• INFORMATION SUPPLIED:
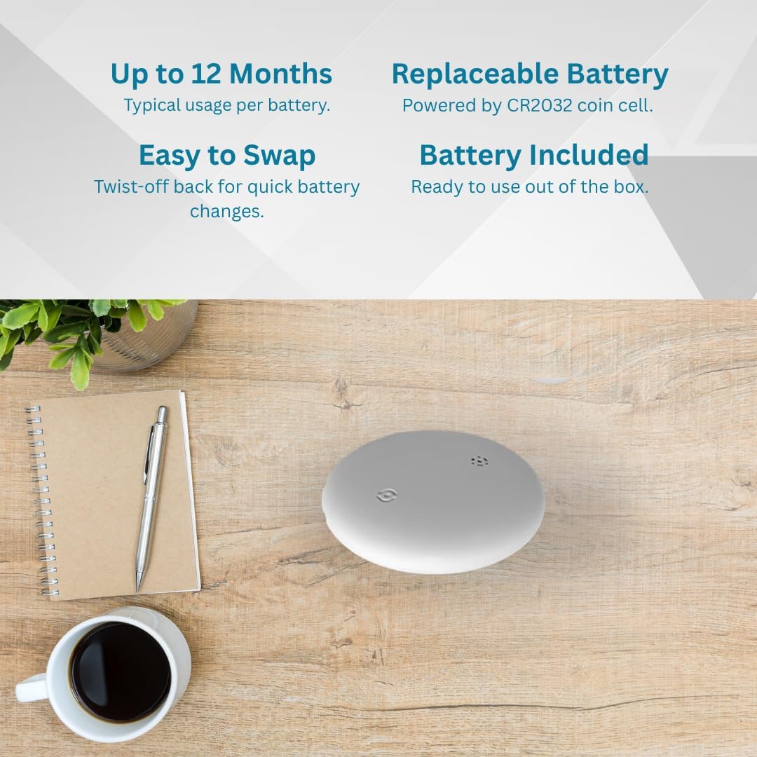 12-Month Replaceable Battery: Pre-installed CR2032 coin cell battery offers up to 1 year of use. Replace easily in seconds for long-term performance without recharging or replacing the device.
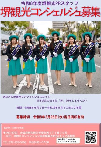 市内外へ向けて堺の魅力を発信し、誘客促進に取り組む堺観光PRスタッフ「堺観光コンシェルジュ」の募集が始まっています!
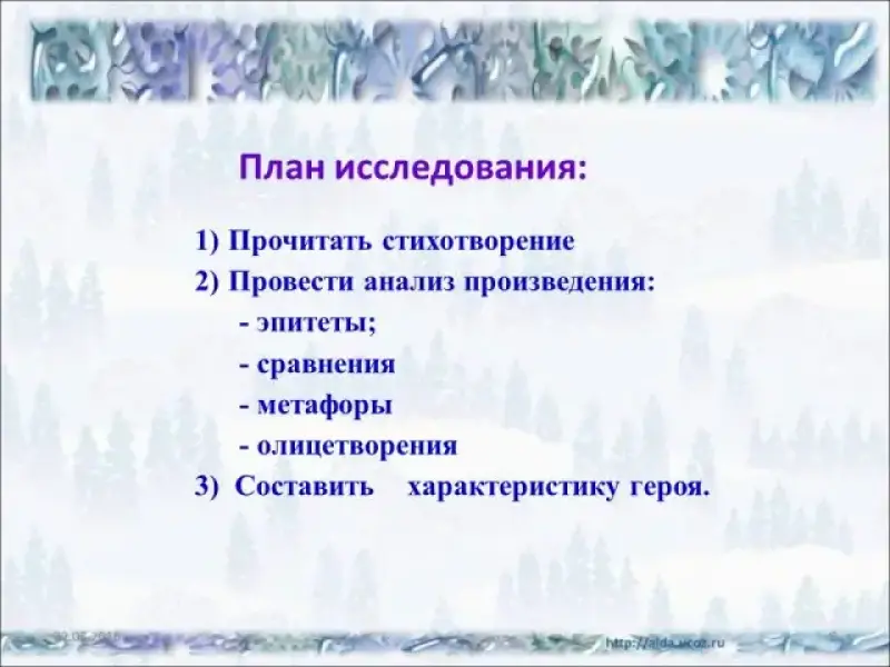 - При помощи, каких видов работ мы сможем это узнать? Как мы сможем это сделать? Прочитать стихотворение Провести анализ произведения Составить характеристику героя. (Найти в стихотворении эпитеты, олицетворения, сравнения (т.е. такие приёмы описания, при помощи которых мы можем точнее, полнее представить образ этого героя) - Посмотрите, что же у нас получилось? Слайд |

• TRY IT: The lines above must be transcribed exactly, with every picture left out.

• TASK SOLUTION:
 12-Month Replaceable Battery: Pre-installed CR2032 coin cell battery offers up to 1 year of use. Replace easily in seconds for long-term performance without recharging or replacing the device.
 市内外へ向けて堺の魅力を発信し、誘客促進に取り組む堺観光PRスタッフ「堺観光コンシェルジュ」の募集が始まっています!
 - При помощи, каких видов работ мы сможем это узнать? Как мы сможем это сделать? Прочитать стихотворение Провести анализ произведения Составить характеристику героя. (Найти в стихотворении эпитеты, олицетворения, сравнения (т.е. такие приёмы описания, при помощи которых мы можем точнее, полнее представить образ этого героя) - Посмотрите, что же у нас получилось? Слайд |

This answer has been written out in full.